KEY POINTS

  • Christian Cooper said Amy tapped a deep and dark vein of racism
  • Not fair to assess a person by 60 seconds of poor judgment
  • It was originally a conflict between  dog walker and a birder

Christian Cooper, whose video-recorded interaction with a white woman in New York's Central Park sparked public outrage, said Amy Cooper pulled the pin on the race grenade when she called the police on him.

"She was going to tap into a deep, deep, dark vein of racism — of racial bias — that runs through this country and has done for centuries," Cooper, who was not related to the woman, said in an interview with CBS.

Amy Cooper was seen warning the birder, a Harvard-educated scientist, that she was going to call the cops and tell them "that an African American male was threatening" her. She was later seen calling up the emergency service and uttering the same phrase in a state of panic.

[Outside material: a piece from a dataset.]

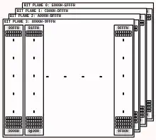 The frame buffer of Vector-06C is unusual for home computers. The memory is organized as 4 bit planes, palette index of each individual pixel is formed from individual bits in 4 planes. Thus the highest colour mode has 24=16 simultaneously displayed colours. The bit planes are defined as follows: a byte represents a horizontal span of 8 pixels. Next byte in video memory represents a span of 8 pixels above it and so on. Thus a bit plane in 256×256 mode can be viewed as 8-pixel wide columns, growing bottom-to-top, left-to-right; whole screen is thus covered by 32 columns.
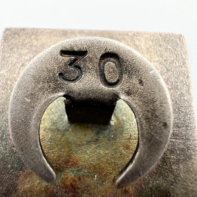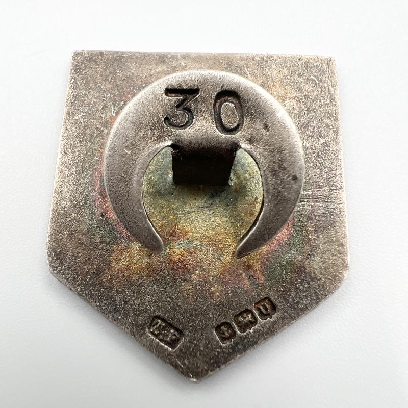 Unusual silver & enamel lapel badge. Numbered 30 to the back. Silver hallmarked for 1944.

The confrontation on May 25 assumed gigantic proportions after the video of George Floyd dying under the knee of a police officer in Minneapolis emerged the next day. Franklin Templeton, her employer, fired her, saying they do not tolerate any form of racism.

The woman was derided on social media as an overreacting white woman conscious of her privileges. Christian Cooper said he did not know whether Amy was racist or not. "That act was unmistakably racist even if she didn’t realize it in the moment."

He said it was not fair to assess a person by 60 seconds of poor judgment.

Christian said there was some irony as their confrontation initially did not have anything to do with race. His only request was that she place a leash on the dog in the park’s Ramble.

He described it as a conflict between a dog walker and a birder.

Amy Cooper has since apologized for her actions. However, she has had troubles apart from getting fired as the Central Park Civic Association called her to be banned from the park.